Cela s’explique sans doute en partie par une accessibilité (notamment financière) du produit accrue pour les jeunes issus d’un tel milieu. La sociabilité, caractérisée par la fréquence des moments passés avec des amis, apparaît fortement liée avec le niveau d’expérimentation de la cocaïne. Ainsi, à 17 ans, les jeunes qui passent presque quotidiennement du temps avec leurs amis dans un bar, café ou pub sont cinq fois plus nombreux à avoir déjà expérimenté la cocaïne que ceux qui ne sortent jamais [7]

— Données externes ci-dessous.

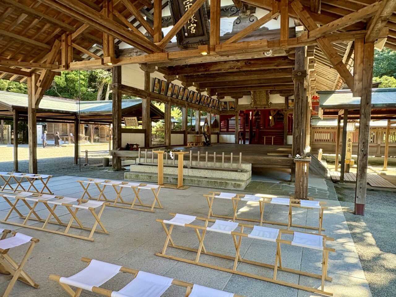 まずは、宗像大社辺津宮で『豊饒祭』の神事が執り行われ、その後、鐘崎漁港へと移動します。
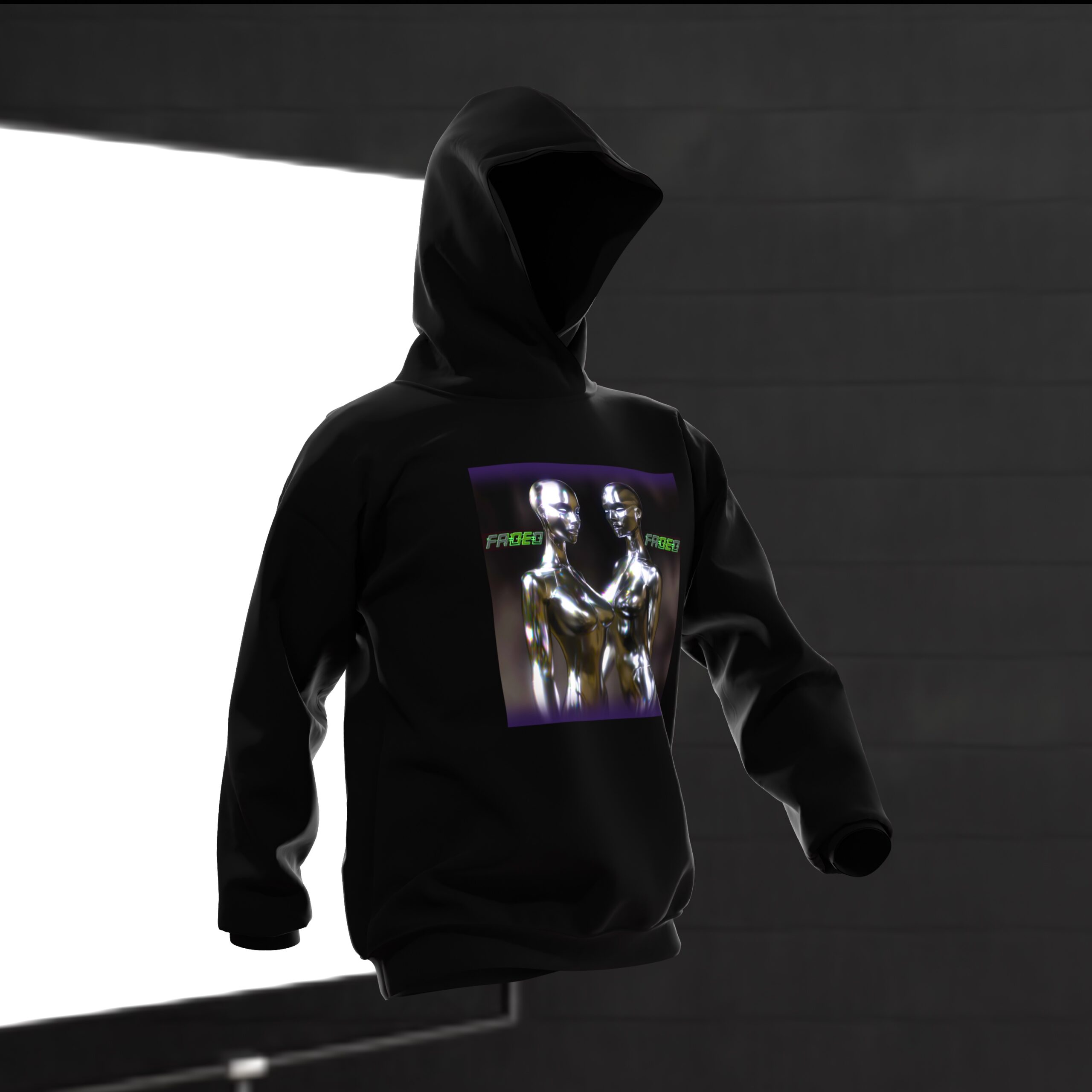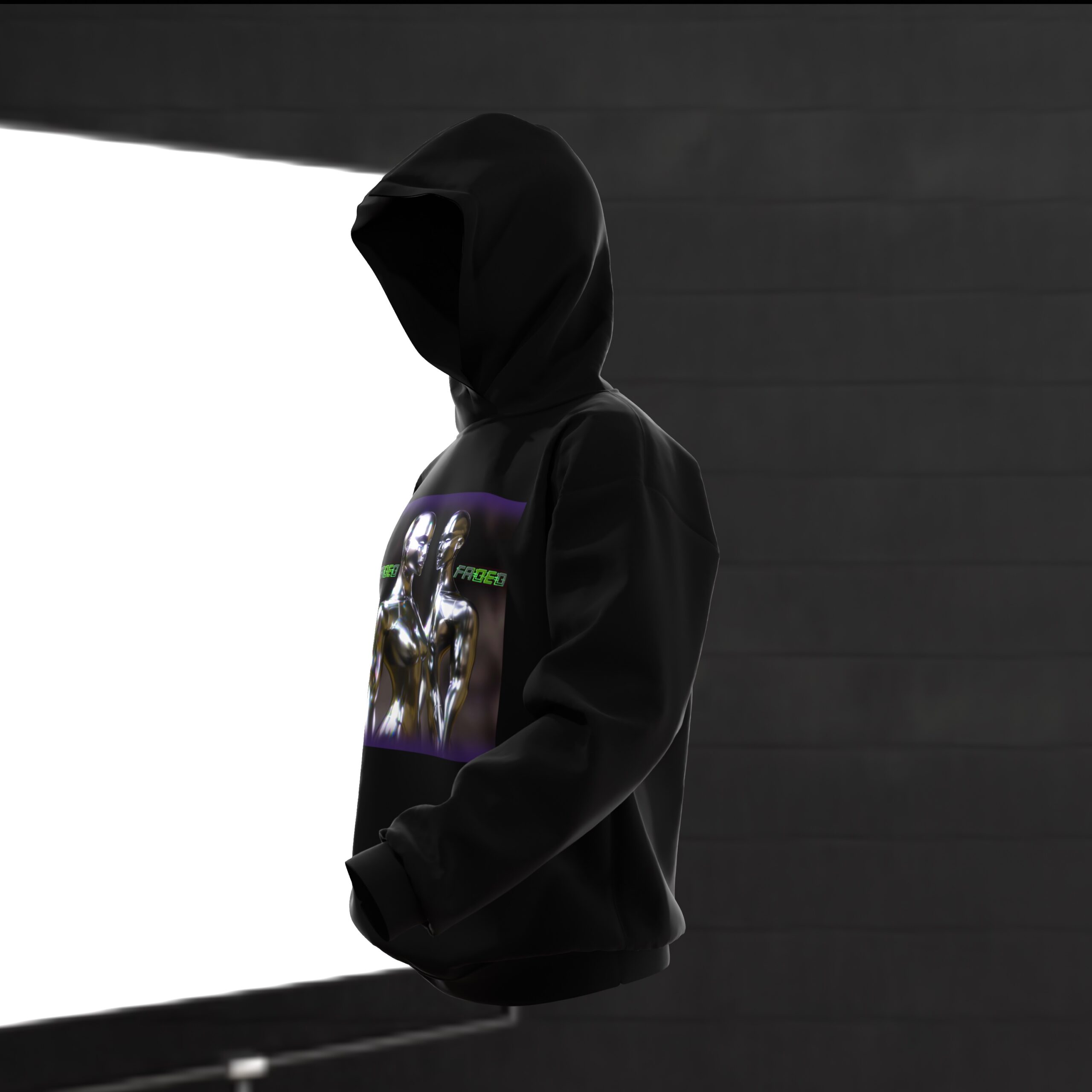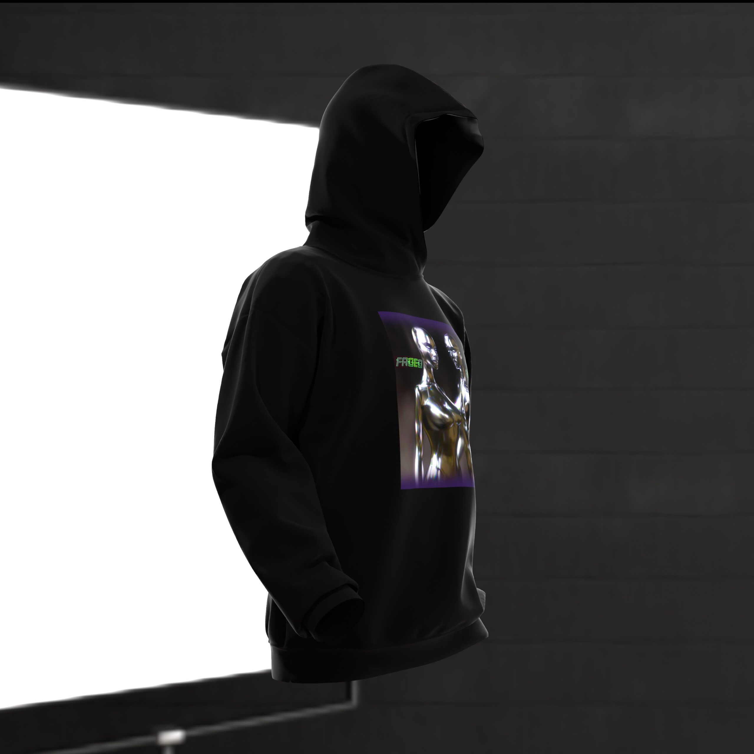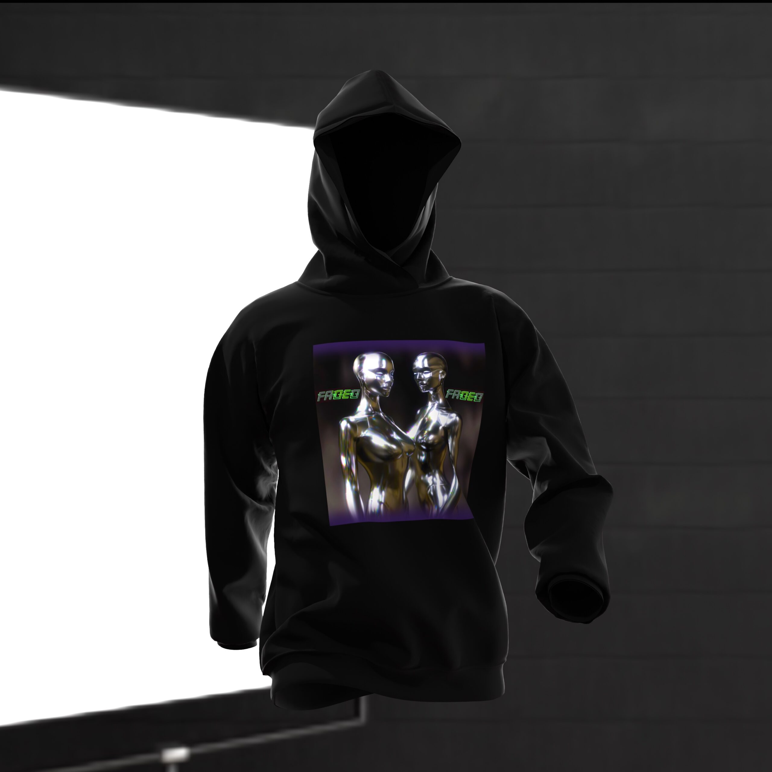 Step into the future with the Faded Chrome Hoodie – where streetwear meets surreal art. This eye-catching unisex pullover features a striking metallic twin-mannequin design with bold “FADED” text, framed in a radiant violet glow.

4. Consommations associées

La consommation d’autres produits, notamment d’alcool, de médicaments psychotropes et de cannabis, est fréquemment associée.

5. Demande de soins

En Europe, 16% de l’ensemble des demandes de traitement pour des troubles liés à l’usage de drogues concernaient la cocaïne en 2007 [1]. Elle arrive en deuxième position comme drogue consommée parmi les patients suivis en ambulatoire dans des centres spécialisés.

De 1999 à 2005, le pourcentage de nouvelles demandes de traitement concernant la cocaïne a augmenté de 13% parmi l’ensemble des patients souffrant d’addiction [1].

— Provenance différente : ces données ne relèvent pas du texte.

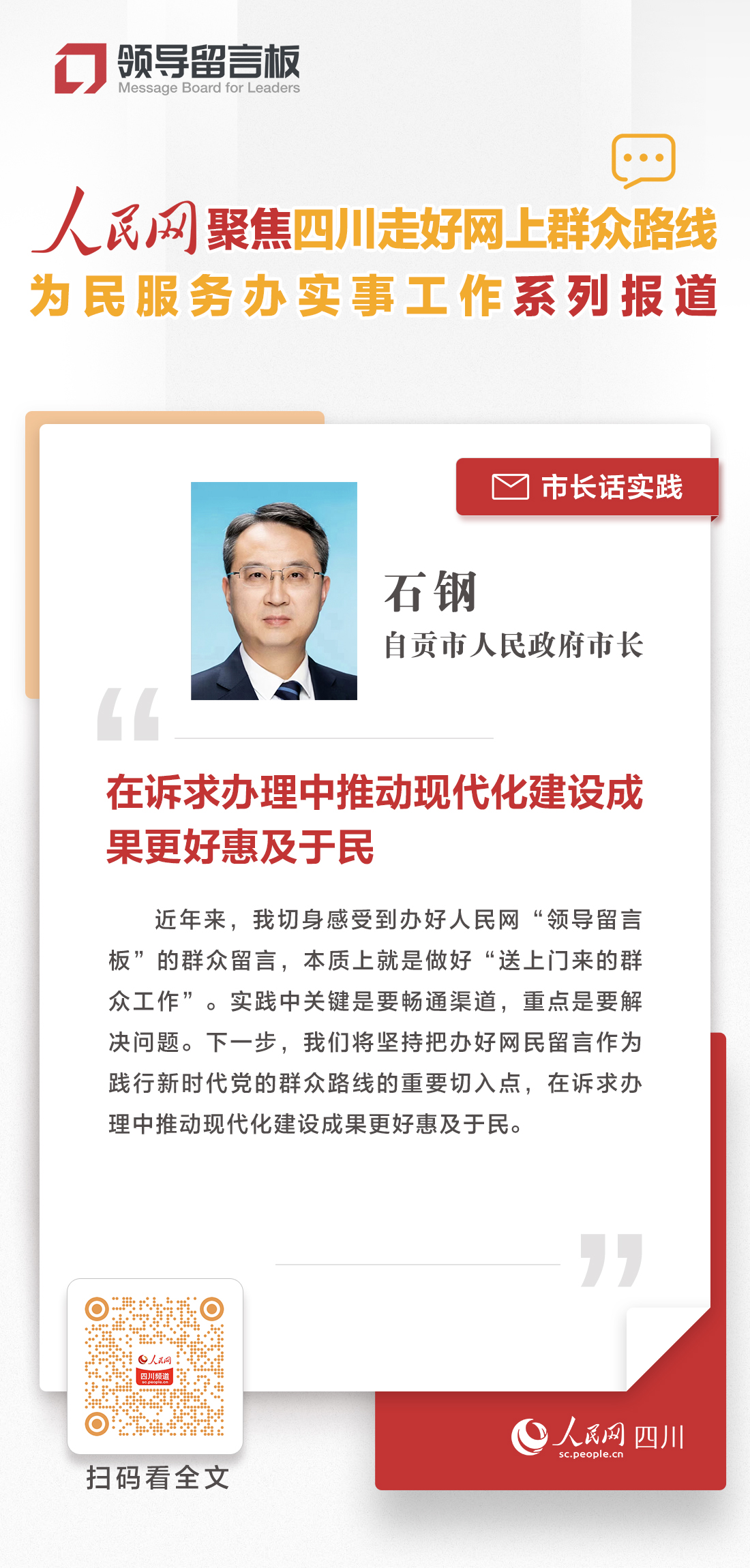 市長話實踐 | 自貢市市長石鋼:在訴求辦理中推動現代化建設成果更好惠及于民

6. Particularités de la consommation de crack

En France, le crack est consommé quasi exclusivement à Paris, dans les Antilles et en Guyane. En effet, la forme fumable de la cocaïne, freebase/crack, est apparue tout d’abord dans les trois départements français d’Amérique au milieu des années 1980, avec une scène ouverte localisée entre les quartiers de la Goutte d’Or et de Stalingrad à Paris.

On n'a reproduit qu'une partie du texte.